We have to be clear going into the future. Musk is not doing things this way because he's an idiot, he's doing it because he is waging an ideological war. If he says something is waste and fraud, it's waste and fraud by definition. They don't care about whether there is waste and fraud, they just care about implementing their vision, and "reducing waste/fraud" is apparently the magic phrase that everyone agrees allows them to seize unchecked powers.


> skipping over security clearances

This is not accurate. Most jobs in the federal government, including at the treasury, do not require security clearances. You’re confusing background checks, which are very basic, with the different types of security clearances, which aren’t required for something like a financial audit.


I find the concept of ad hoc audits of the executive branch, by the executive branch, terrifying. Especially when used to terminate congressionally-mandated programs.

I agree that we should lean into audits and responsibility. The good faith way to do that would be laws passed by congress and executed by the executive.

There is no possible spin that legitimizes current events. I would say we have a constitutional crisis, but it seems like the blitzkreig was successful and the constitution became irrelevant.


I don't follow this logic, I would in fact expect the executive branch to be auditing the executive branch. What congressionally mandated program was terminated?

No spin is required, the people voted for this. Unfortunately one side wasn't able to convince the people that they didn't need this. That's where we are. Sometimes you win, sometimes you lose.
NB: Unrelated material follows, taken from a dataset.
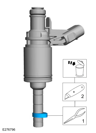 УВЕДОМЛЕНИЕ: Не пытайтесь разрезать нижнее уплотнение Teflon® без сначала оттянув его от топливной форсунки или повредить форсунку может возникнуть.
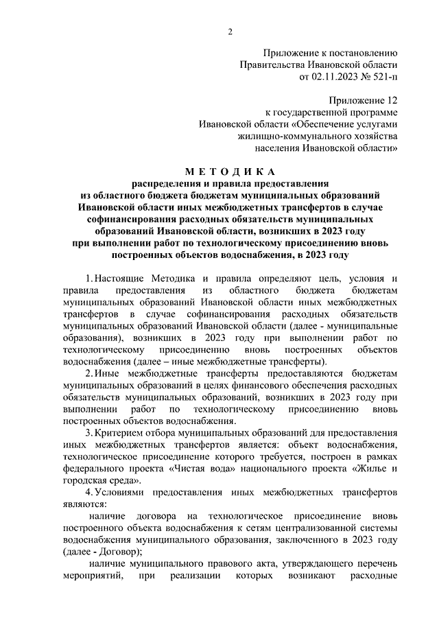 Постановление Правительства Ивановской области от 02.11.2023 N 521-п "Об установлении расходного обязательства и внесении изменения в постановление Правительства Ивановской области от 06.12.2017 N 458-п "Об утверждении государственной программы Ивановской области "Обеспечение услугами жилищно-коммунального хозяйства населения Ивановской области" (вместе с "Методикой распределения и правилами предоставления из областного бюджета бюджетам муниципальных образований Ивановской области иных межбюджетных трансфертов в случае софинансирования расходных обязательств муниципальных образований Ивановской области, возникших в 2023 году при выполнении работ по технологическому присоединению вновь построенных объектов водоснабжения, в 2023 году")

You make adjustments and move on.


I wouldn’t be opposed to an executive branch that implemented audits and took the results to congress to advocate for policy changes and department refactoring.

I’m very opposed to an executive branch that audits programs they have political problems with, and use these no-oversight audits to kill agencies. That’s just authoritarianism.


Let’s be clear about the “auditors” who are “not trying to terminate congressionally mandated programs”.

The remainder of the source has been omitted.